Compléments alimentaires en cas d’arthrose : ce qu’en disent les experts
Le Prof. Dr Klaus Miehlke (†2009) était considéré comme l’un des experts allemands les plus renommés en matière de maladies osseuses. Dans une publication très citée datant de 2002, il écrit que des mesures diététiques tenant compte des dernières découvertes de la recherche sur la matrice peuvent stabiliser les fonctions articulaires sur le long terme et éventuellement empêcher la production anormale de composants du cartilage. Sa conclusion : la recommandation médicale de prendre des compléments alimentaires est tout à fait justifiée au vu des études cliniques existantes et de son expérience médicale personnelle.1
En d'autres termes : une alimentation saine ne suffit pas à elle seule à fournir à l'organisme les nutriments nécessaires en cas de maladie du cartilage. Une supplémentation alimentaire ciblée peut ici constituer une mesure corrective judicieuse.

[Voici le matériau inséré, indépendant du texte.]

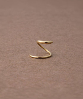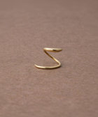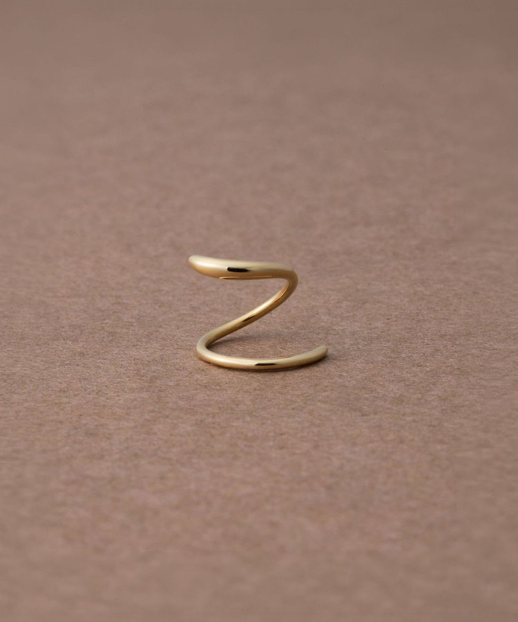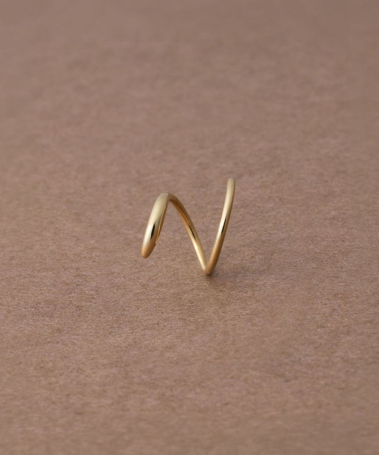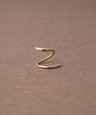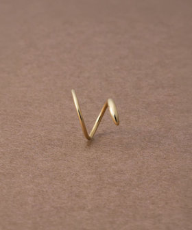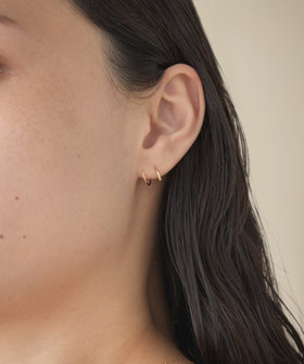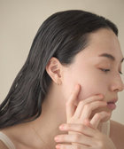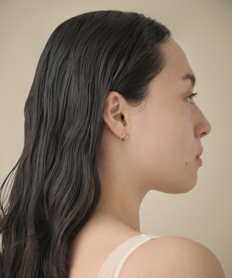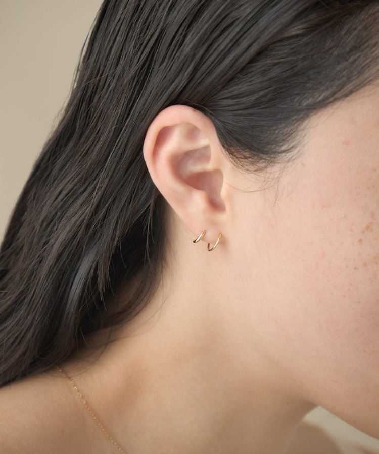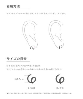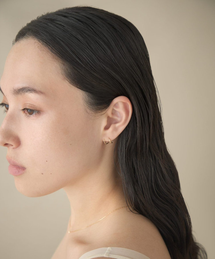 細いポストをピアスホールに差し込み、くるくると回すように通せば、2つのピアスを着けたようなシルエットに。

La méthionine – la source naturelle de soufre pour le cartilage
Le cartilage articulaire a avant tout besoin d’une chose : du soufre. Des études montrent que le cartilage des personnes en bonne santé contient environ trois fois plus de soufre que celui des patients atteints d’arthrose. Dès le début d’une arthrose, une carence en soufre peut considérablement entraver la régénération du tissu cartilagineux. De plus, de nombreux médicaments fixent le soufre et l'éliminent ainsi de l'organisme – les personnes souffrant d'arthrose ont donc des besoins particulièrement élevés.2
On ne peut toutefois pas simplement prendre du soufre sous forme de complément alimentaire. C’est là qu’intervient l’acide aminé méthionine : c’est une source naturelle de soufre organique. À partir de la méthionine, l’organisme peut – surtout en association avec les vitamines B – produire presque tous les composés soufrés dont le cartilage a besoin. La méthionine est en outre un acide aminé essentiel : l’organisme ne peut pas la synthétiser lui-même et dépend d’un apport quotidien par l’alimentation.

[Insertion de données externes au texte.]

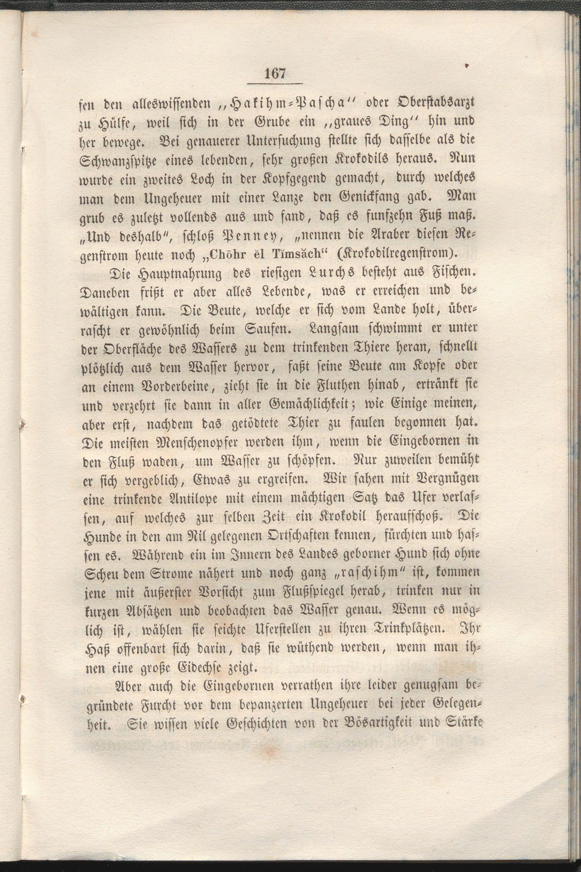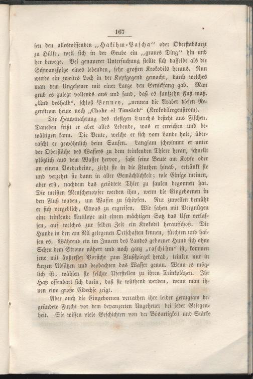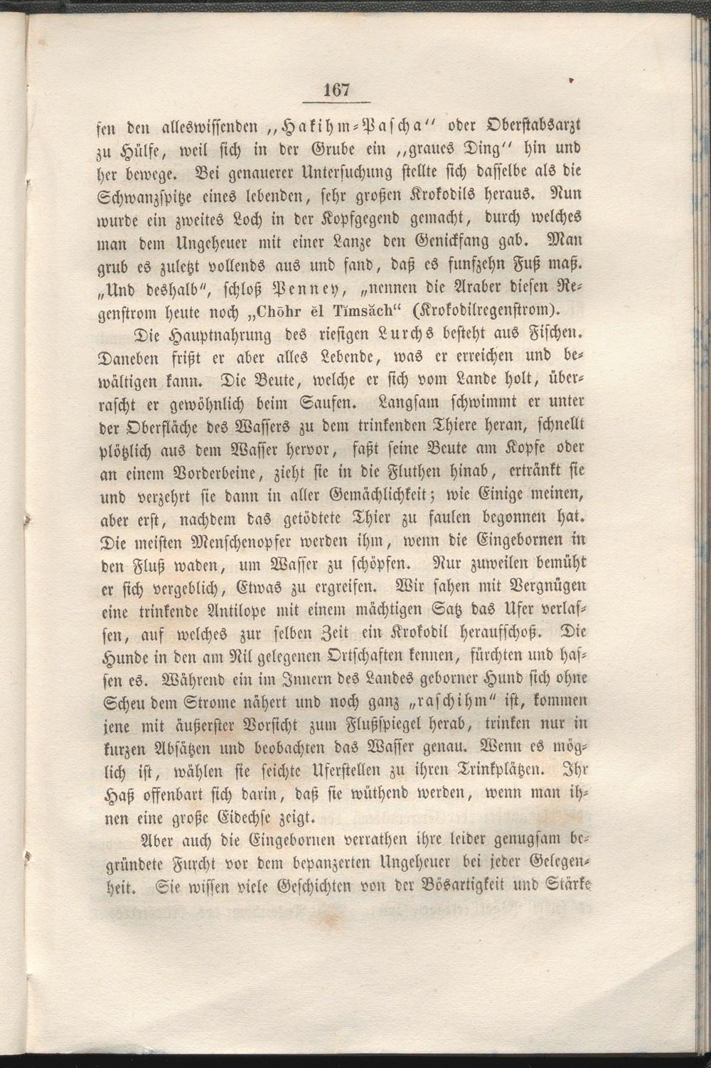 Die meisten Menschenopfer werden ihm, wenn die Eingebornen in den Fluß wadcn, um Wasser zu schöpfen. Nur zuweilen bemüht er sich vergeblich, Etwas zu ergreifen. Wir sahen mit Vergnügen eine trinkende Antilope mit einem mächtigen Satz das Ufer verlassen, auf welches zur selben Zeit ein Krokodil herausschoß. Die Hunde in den am Nil gelegenen Ortschaften kennen, fürchten und hassen es. Während ein im Innern des Landes geborner Hund sich ohne Scheu dem Strome nähert und noch ganz „raschihm" ist, kommen jene mit äußerster Vorsicht zum Flußspiegel herab, trinken nur in kurzen Absätzen und beobachten das Wasser genau. Wenn es möglich ist, wählen sie seichte Uferstellen zu ihren Trinkplätzcn. Ihr Haß offenbart sich darin, daß sie wüthend werden, wenn man ihnen eine große Eidechse zeigt.

La méthionine agit sur trois niveaux simultanément en cas d’arthrose : elle inhibe les inflammations, soulage les douleurs et stimule les cellules cartilagineuses pour favoriser la régénération des tissus.3 La méthionine déploie ces effets principalement grâce à son métabolisme actif : l'organisme transforme la méthionine en une molécule appelée S-adénosylméthionine, ou SAMe. La SAMe intervient dans de nombreux processus métaboliques au sein du tissu cartilagineux : elle active la production des composants essentiels de la matrice cartilagineuse tout en exerçant une action anti-inflammatoire.4
Dans le cadre d’une étude clinique randomisée en double aveugle, la SAMe a été directement comparée à un analgésique courant (le piroxicam, un AINS). Résultat : après 28 jours, les deux ont montré une amélioration comparable des douleurs au genou, sans différence significative en termes d’efficacité et de tolérance.5 Ce qui est remarquable : la méthionine a produit le même effet analgésique, mais sans les problèmes gastriques et les lésions rénales pouvant survenir lors d’une prise prolongée d’AINS.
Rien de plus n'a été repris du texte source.